— Я выучил Гришу Бухалова не только азбуке и таблице умножения. Я первый ему рассказал, что такое родина, за которую он погиб. Вы можете отнять у меня жизнь, но отнять таких, как Гриша Бухалов, для вас непосильно.
И мой суровый судья отвел глаза, с минуту молчал, потом произнес, как мне показалось, уважительно:
— Знал, что вы будете защищать себя умело. Но… — судья тряхнул лысой головой, — попробуйте развить вашу защиту дальше, скажите, что Щапову вы рассказывали о родине не то, что Бухалову.
— Бухалов Гриша был мне почти сыном, много ближе Щапова! Значит, и получил от меня больше. Так по кому же мерять мое?
— Быть к вам ближе, получить от вас больше… Да вспомните дочь, Ечевин, родную дочь. И я поспешно оборвал его:
— Не трогайте этого! Ради бога! Прошу!
Он замолчал, разглядывая меня в упор, кажется, в его глазах сквозь холодную оцинкованность проступило сочувствие.
Выходит, он еще и добросовестный судья — осведомлен не только о школьных, но и о моих семейных делах. Впрочем, не удивительно — весь город говорит о моей беде с Верой.
— Не буду трогать, — согласился он. — Но тогда и вы уж защищайтесь поосторожнее.
Появилась официантка, поставила перед нами бутылки с боржомом и тарелки с яичницей-глазуньей.
— А так ли уж нужно мне защищать себя перед вами? — спросил я, когда официантка удалилась.
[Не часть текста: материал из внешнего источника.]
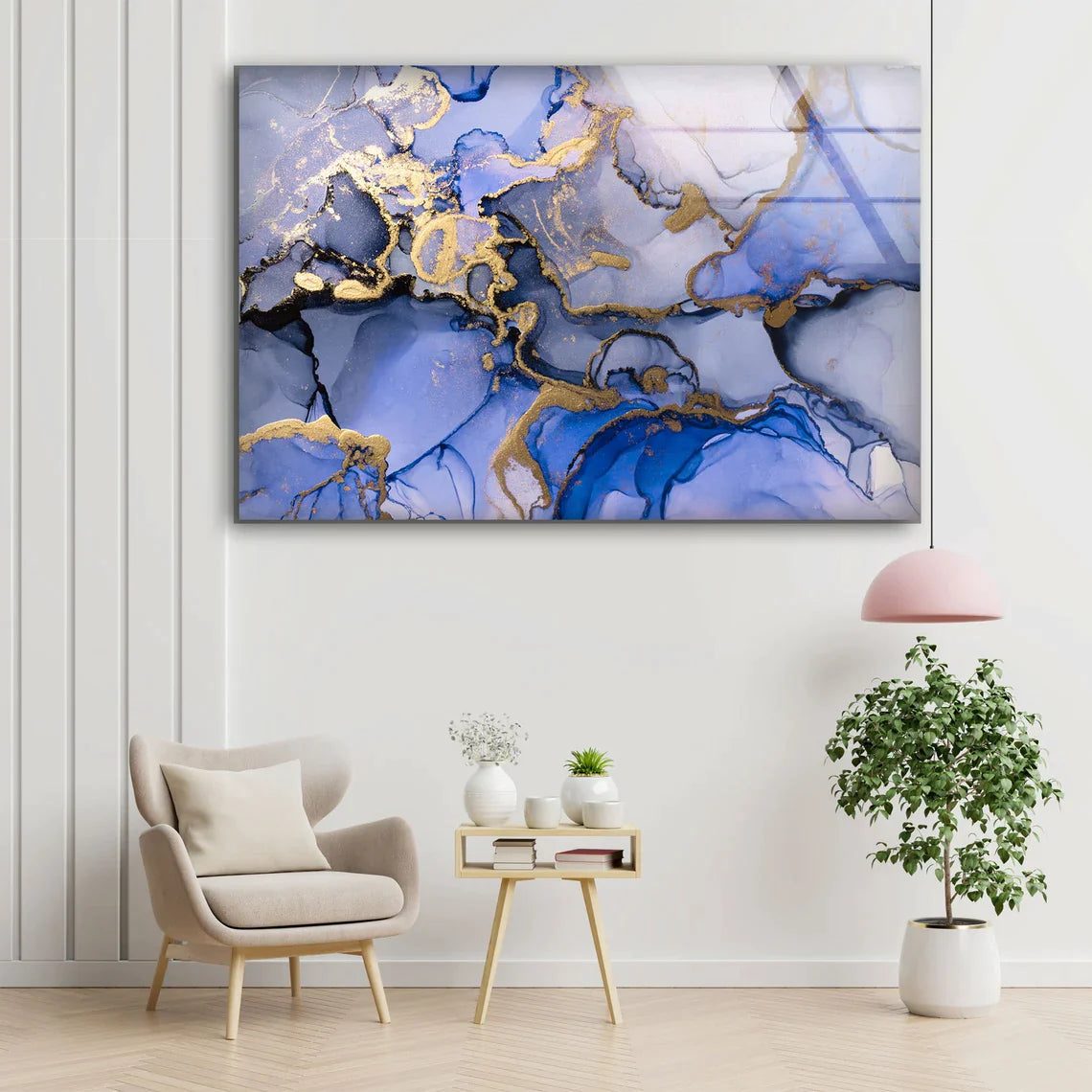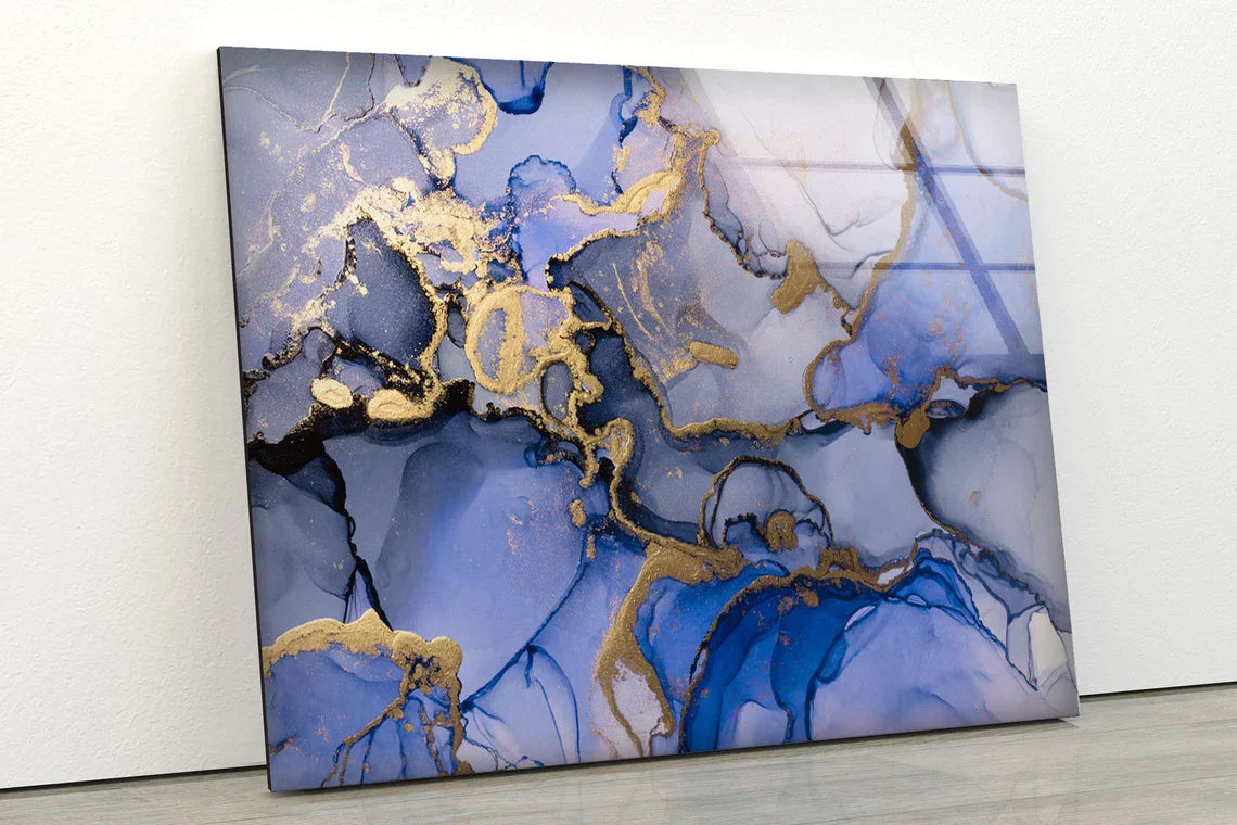 Blue & Gold Abstract UV Direct Aluminum Print Australian Made Quality

— То есть?.. — насторожился Кропотов.
— У меня есть забота поважней.
— А именно?
— Защищаться перед своей совестью.
Кропотов криво усмехнулся.
— Дешевка. Не купите. Не выйдет!
— Как вы думаете, прочитав ваше письмо, должен был я оглянуться на себя, порыться в прошлом — за что же, собственно, меня так? А?..
— Н-ну, положим.
— А как вы думаете, вспомнил я о вас?..
— Вроде нет.
— То-то и оно, Кропотов. Я увидел у себя грехи покрупнее, попронзительпее. Почему только ваша история достойна мучений совести, а не те, что мне вспомнились первыми?.. Право, мне теперь не до вас.
— Хотите растрогать меня кротостью? Не клюну!
— Хотел… Совсем недавно мечтал с вами увидеться, кротчайше заявить: вы можете меня убить, но помните, что убьете другого человека. Я изболелся! Я прозрел. Я переродился. Между мной и моим однофамильцем из вчерашнего дня нет ничего общего. Убейте меня, но это будет убийство без необходимости.
— И вы рассчитывали, что я раскисну, расчувствуюсь, облобызаю вас в медовые уста.
— Я верил — переродился! — и рассчитывал заразить вас своей верой.
— А сейчас?
— Нет.
— Чего так?
— Я недавно понял, что не могу по-иному, по-новому поступать. Не могу, скажем, написать иную характеристику своей ученице! Стать иным рад бы, но нет… Не выношу себя и не могу измениться. Вы понимаете меня, Кропотов?
Он молчал, тревожно таращил на меня глаза. Он, человек, не уважающий себя, бессильный перед собой. Кто-кто, а он-то понимал меня.
— Спасибо вам, Кропотов, за письмо и будьте вы за него прокляты! Действуйте и не надейтесь, что стану просить о прощении.
— Самобичевание сопливое! — выдавил он хрипло и неуверенно.
Я рассмеялся ему в лицо.
— Что, судья, опоздал? Я сам себя осудил. Благородная часть дела сделана, осталась лишь грязная работа — будь палачом, дружок, и не гневись, сам затеял.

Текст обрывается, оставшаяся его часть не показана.